Eugène Yoors is een kunstenaar die vooral naam heeft gemaakt als brandglasschilder. Hij is één van de grote invloeden van Jan als kunstenaar, en ligt aan de oorsprong van diens fascinatie voor de Rom. Magda Peeters is dichteres en vredesactiviste. Eugène en Magda steunen hun tienerzoon tijdens zijn tochten met de zigeuners. Jan Yoors kan zijn hele leven rekenen op hun wijdvertakte netwerk in artistieke, katholieke en pacifistische milieus. Jan erft ook hun waarden.
Eugène Yoors is de zoon van Constantius Alexander, een Antwerpenaar die fabrieksdirecteur en consul is in Sevilla. Hij groeit op in Spanje en leert daar de gitanos kennen, de Spaanse zigeuners. Op twintigjarige leeftijd keert hij terug naar Antwerpen. Hij studeert aan de Koninklijke Academie voor Schone Kunsten en aan de École des Beaux-Arts in Parijs. Daar maakt hij kennis met de excentrieke schrijver en kunstminnaar Joséphin Péladan.
Tijdens de Eerste Wereldoorlog vlucht Eugène Yoors naar Nederland, waar hij in 1918 met Magda Peeters trouwt. Na de oorlog staat hij met onder andere Felix Timmermans en Flor van Reeth aan de basis van de Pelgrimbeweging, die de christelijke kunst in Europa een nieuwe impuls wilde geven. Het is een milde hervormingsbeweging. De leden ervan willen authentieke religieuze kunst brengen vanuit hun persoonlijk geloof, zonder dogmatisch te zijn. Hij legt zich toe op religieuze glasramen om zijn gezin te kunnen onderhouden.

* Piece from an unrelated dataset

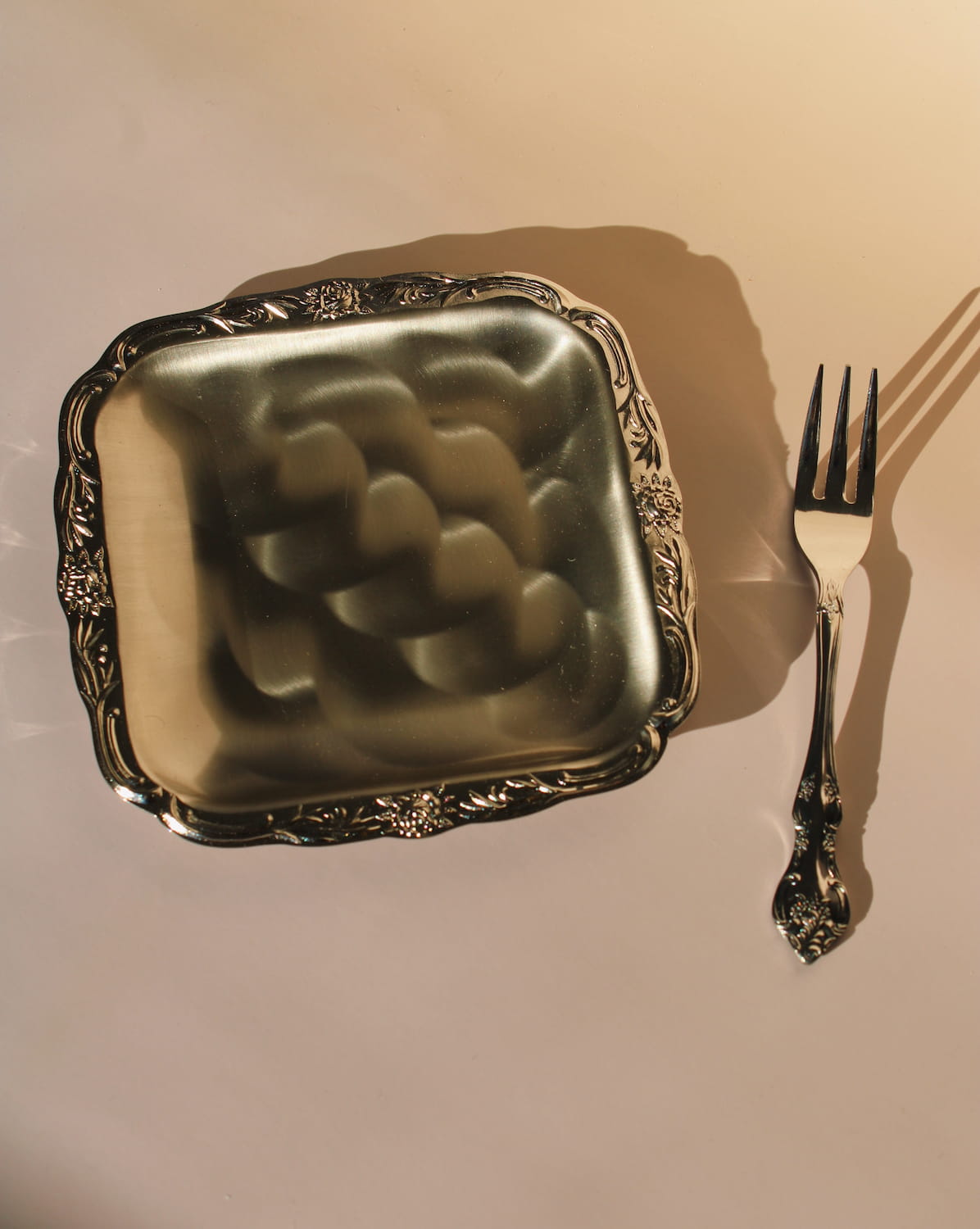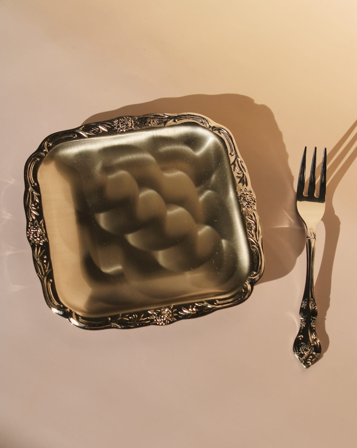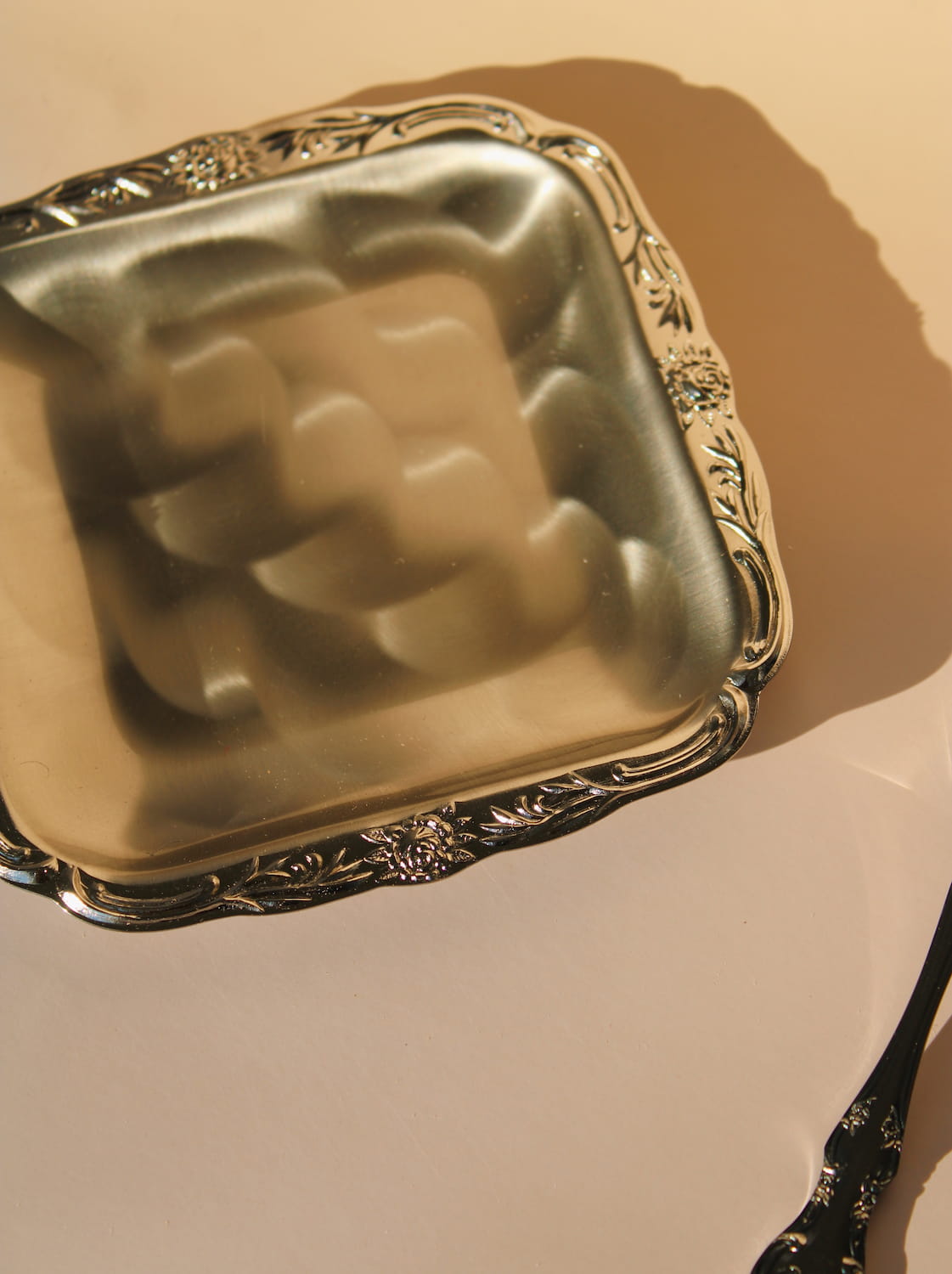 Um achado raro no Japão, a bandeja Estelle traz a elegância do velho mundo para o entretenimento moderno. Esta autêntica peça vintage banhada a prata apresenta bordas florais intrincadas e um acabamento brilhante que reflete a luz com perfeição. Cada bandeja é uma descoberta única, proveniente de artesãos japoneses e carregando sua própria história de artesanato.
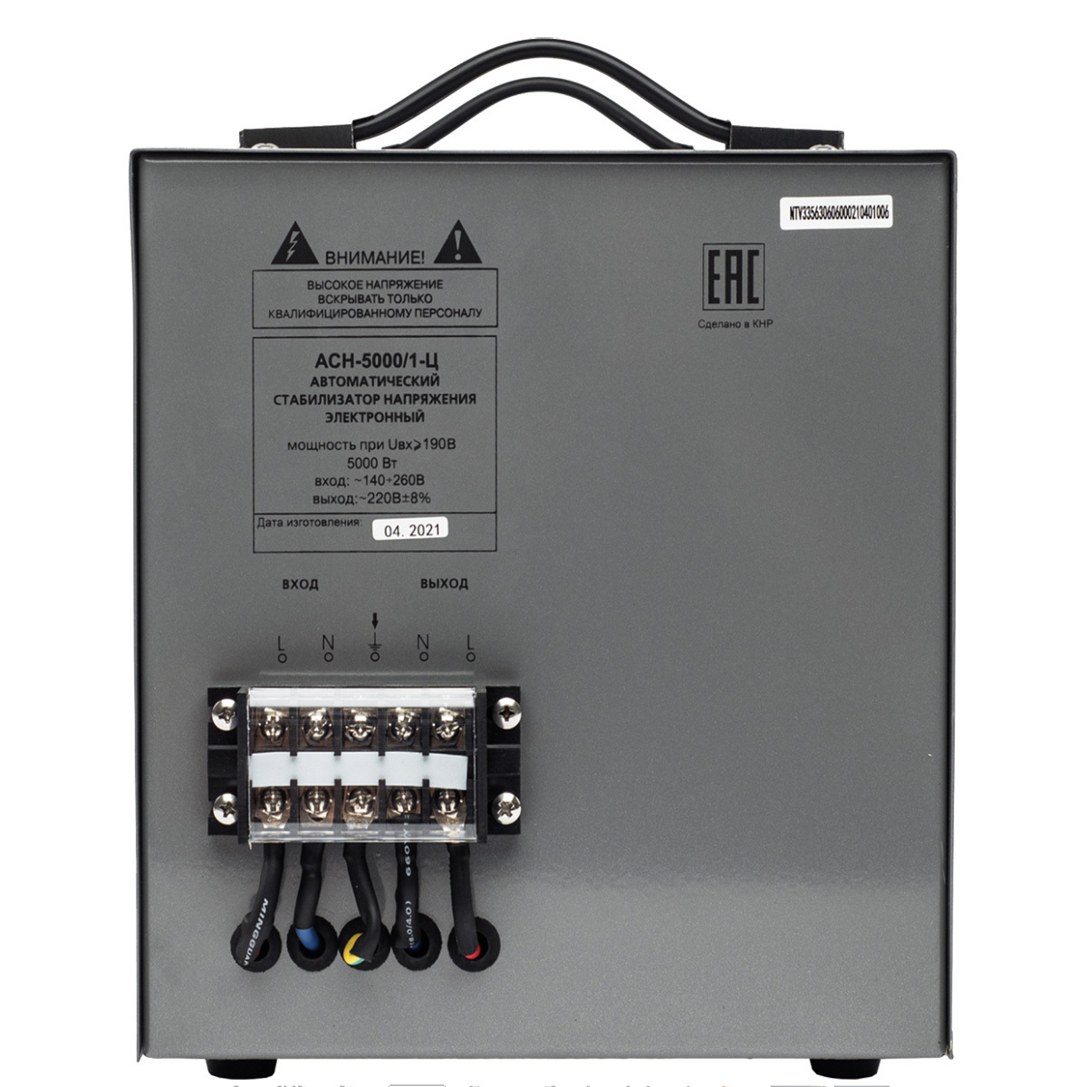 Комплектация:Однофазный стабилизатор напряжения электронного типа АСН-5000/1-Ц - 1 шт.

Jan Yoors brengt lange dagen door in het atelier van zijn vader. Na het werk vertelt Eugène over zijn jeugd in Spanje. Die verhalen brengen Jan ertoe contact te zoeken met de zigeuners die in 1934 hun kamp in Berchem hebben opgeslagen. Jan erft van zijn vader ook veel ideeën over kunst: respect voor de traditie, maar met de integratie van de moderne verbeelding, en een opvatting van het kunstenaarschap als missie ter verheffing van het volk.
Magda Peeters groeit op in een kosmopolitische en rijke familie, waar ze Frans, Engels en Spaans spreken. Ze is de dochter van een Cubaanse moeder en een Belgische vader, allebei uit rijke redersfamilies. In de jaren voor de Eerste Wereldoorlog begint ze te publiceren in het Nederlands. In 1914 volgt ze haar vriend Eugène Yoors naar Nederland. Na de oorlog is ze actief in verschillende katholieke en pacifistische organisaties. In 1936 wordt Peeters provincieraadslid in Antwerpen voor Rex, maar ze breekt met de partij in 1939, omdat die te antisemitisch is. Met onder andere de journaliste Betsy Hollants richt ze het pro-joodse Katholiek Bureau voor Israël op. Hollants is een goede vriendin, en helpt Jan Yoors op cruciale momenten. Zo introduceert ze hem in het verzet tijdens de Tweede Wereldoorlog. Yoors gaat ook op haar aanraden naar New York.
Tijdens de Tweede Wereldoorlog vlucht het echtpaar naar Groot-Brittannië, samen met Jans zus Beatrix. Daarna komen ze terug naar Antwerpen. Ze wonen in Berchem tot hun dood.